→ Dataset items
# # # # #

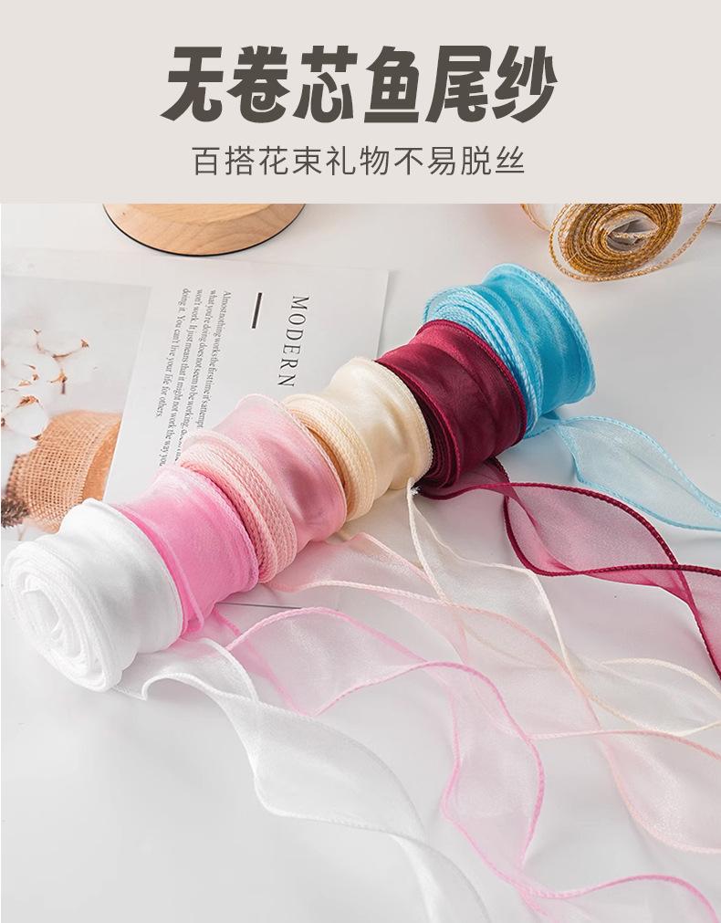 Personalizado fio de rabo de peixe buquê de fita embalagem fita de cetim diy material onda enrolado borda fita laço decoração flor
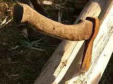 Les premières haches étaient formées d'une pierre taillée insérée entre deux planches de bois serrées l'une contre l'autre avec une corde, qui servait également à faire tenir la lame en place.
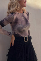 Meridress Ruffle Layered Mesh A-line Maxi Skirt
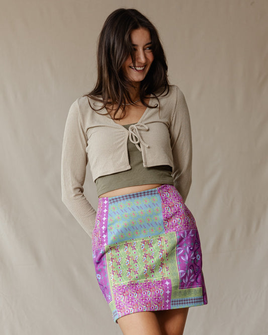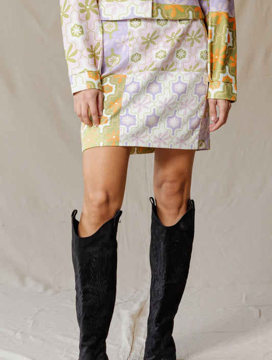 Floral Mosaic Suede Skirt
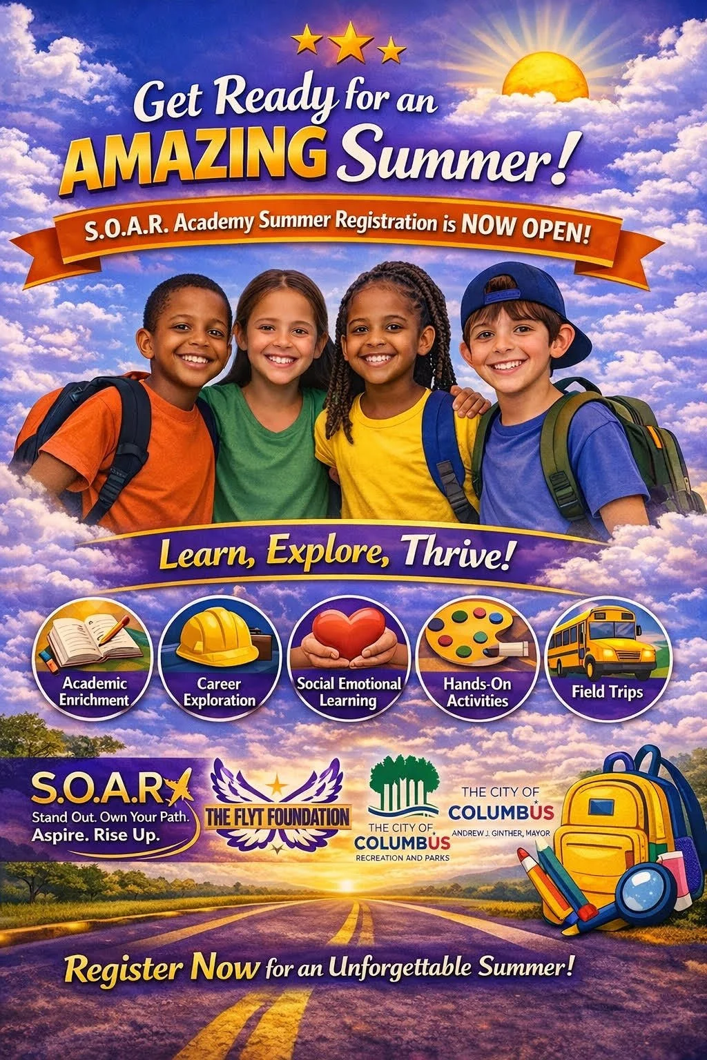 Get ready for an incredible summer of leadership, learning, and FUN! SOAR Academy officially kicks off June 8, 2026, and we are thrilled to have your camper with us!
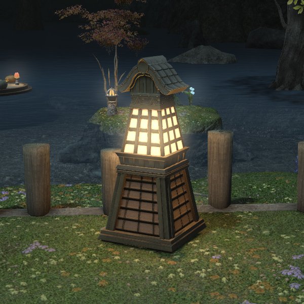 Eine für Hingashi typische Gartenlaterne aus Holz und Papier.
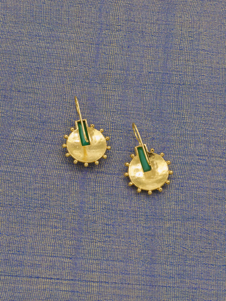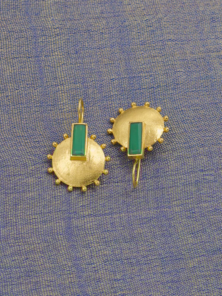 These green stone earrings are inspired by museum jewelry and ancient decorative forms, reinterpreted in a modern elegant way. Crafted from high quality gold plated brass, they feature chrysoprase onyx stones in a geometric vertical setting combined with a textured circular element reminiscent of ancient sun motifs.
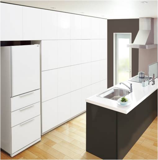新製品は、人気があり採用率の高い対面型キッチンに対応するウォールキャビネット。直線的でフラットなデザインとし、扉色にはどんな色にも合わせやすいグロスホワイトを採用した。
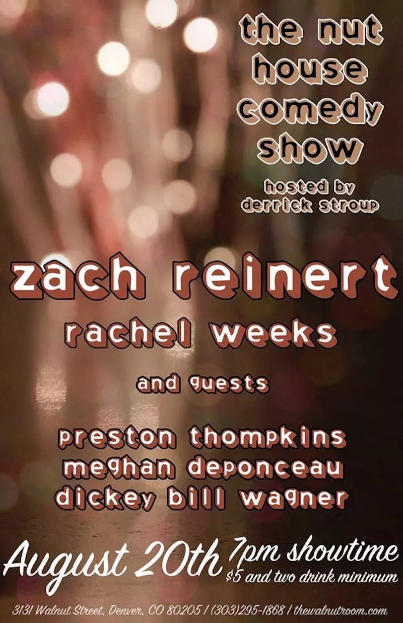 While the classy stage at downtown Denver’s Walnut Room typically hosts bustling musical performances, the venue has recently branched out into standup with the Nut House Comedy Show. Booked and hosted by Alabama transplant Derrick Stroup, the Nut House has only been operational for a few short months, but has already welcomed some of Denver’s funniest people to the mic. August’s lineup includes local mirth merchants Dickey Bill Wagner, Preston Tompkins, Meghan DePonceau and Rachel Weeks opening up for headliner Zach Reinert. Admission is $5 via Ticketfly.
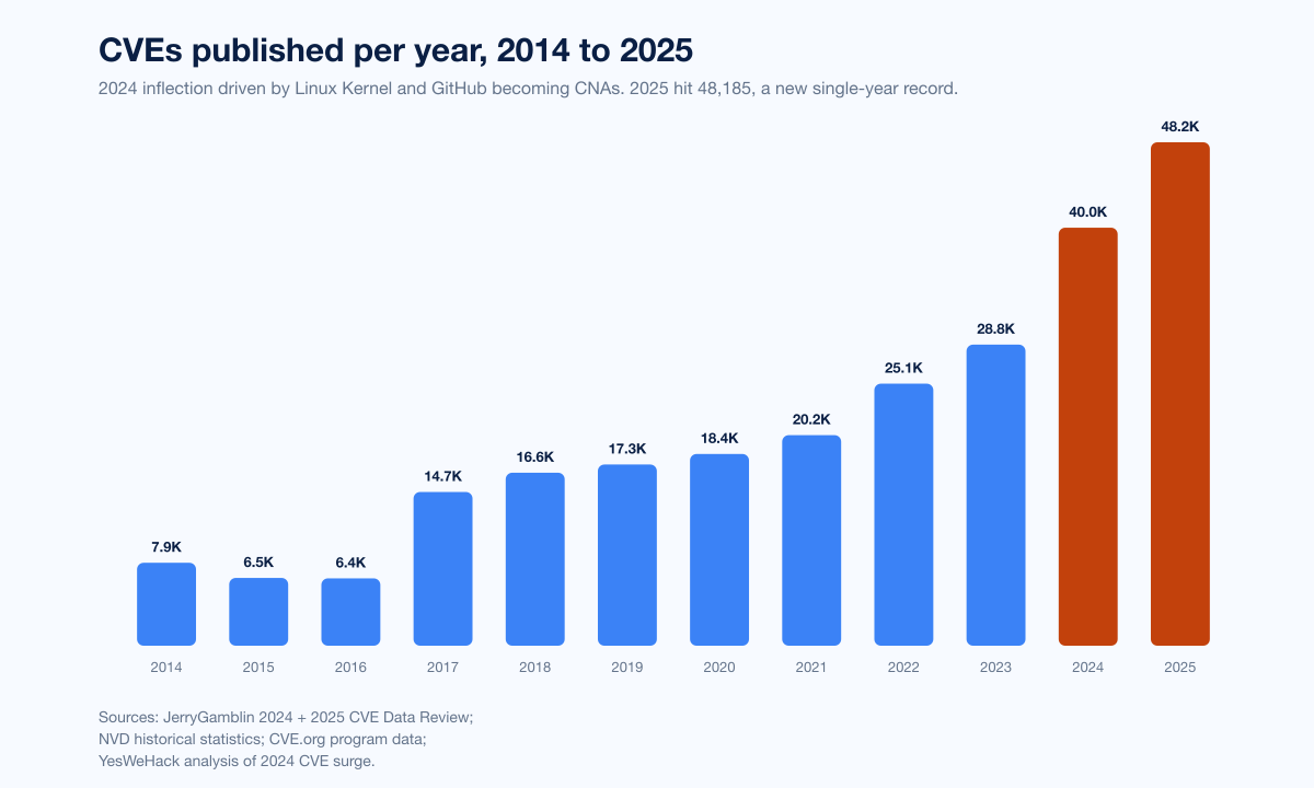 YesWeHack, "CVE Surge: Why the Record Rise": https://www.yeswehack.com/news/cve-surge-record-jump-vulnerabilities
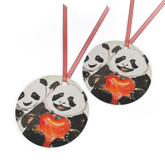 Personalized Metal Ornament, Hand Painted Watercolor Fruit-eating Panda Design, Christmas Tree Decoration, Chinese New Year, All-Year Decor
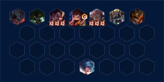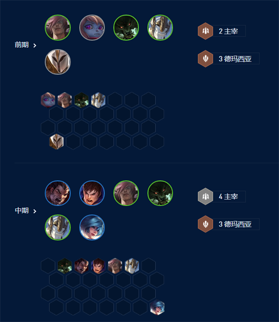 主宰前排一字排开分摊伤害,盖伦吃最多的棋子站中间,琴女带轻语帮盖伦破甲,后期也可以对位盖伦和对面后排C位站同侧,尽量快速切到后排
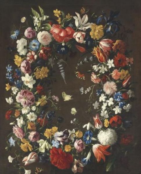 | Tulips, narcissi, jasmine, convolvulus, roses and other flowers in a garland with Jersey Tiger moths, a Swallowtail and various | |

# # # # #

→ Your assignment
Transcribe all the entries precisely. Do not include any picture.

→ Solution to the exercise
 Personalizado fio de rabo de peixe buquê de fita embalagem fita de cetim diy material onda enrolado borda fita laço decoração flor
 Les premières haches étaient formées d'une pierre taillée insérée entre deux planches de bois serrées l'une contre l'autre avec une corde, qui servait également à faire tenir la lame en place.
 Meridress Ruffle Layered Mesh A-line Maxi Skirt
 Floral Mosaic Suede Skirt
 Get ready for an incredible summer of leadership, learning, and FUN! SOAR Academy officially kicks off June 8, 2026, and we are thrilled to have your camper with us!
 Eine für Hingashi typische Gartenlaterne aus Holz und Papier.
 These green stone earrings are inspired by museum jewelry and ancient decorative forms, reinterpreted in a modern elegant way. Crafted from high quality gold plated brass, they feature chrysoprase onyx stones in a geometric vertical setting combined with a textured circular element reminiscent of ancient sun motifs.
新製品は、人気があり採用率の高い対面型キッチンに対応するウォールキャビネット。直線的でフラットなデザインとし、扉色にはどんな色にも合わせやすいグロスホワイトを採用した。
 While the classy stage at downtown Denver’s Walnut Room typically hosts bustling musical performances, the venue has recently branched out into standup with the Nut House Comedy Show. Booked and hosted by Alabama transplant Derrick Stroup, the Nut House has only been operational for a few short months, but has already welcomed some of Denver’s funniest people to the mic. August’s lineup includes local mirth merchants Dickey Bill Wagner, Preston Tompkins, Meghan DePonceau and Rachel Weeks opening up for headliner Zach Reinert. Admission is $5 via Ticketfly.
 YesWeHack, "CVE Surge: Why the Record Rise": https://www.yeswehack.com/news/cve-surge-record-jump-vulnerabilities
 Personalized Metal Ornament, Hand Painted Watercolor Fruit-eating Panda Design, Christmas Tree Decoration, Chinese New Year, All-Year Decor
 主宰前排一字排开分摊伤害,盖伦吃最多的棋子站中间,琴女带轻语帮盖伦破甲,后期也可以对位盖伦和对面后排C位站同侧,尽量快速切到后排
 | Tulips, narcissi, jasmine, convolvulus, roses and other flowers in a garland with Jersey Tiger moths, a Swallowtail and various | |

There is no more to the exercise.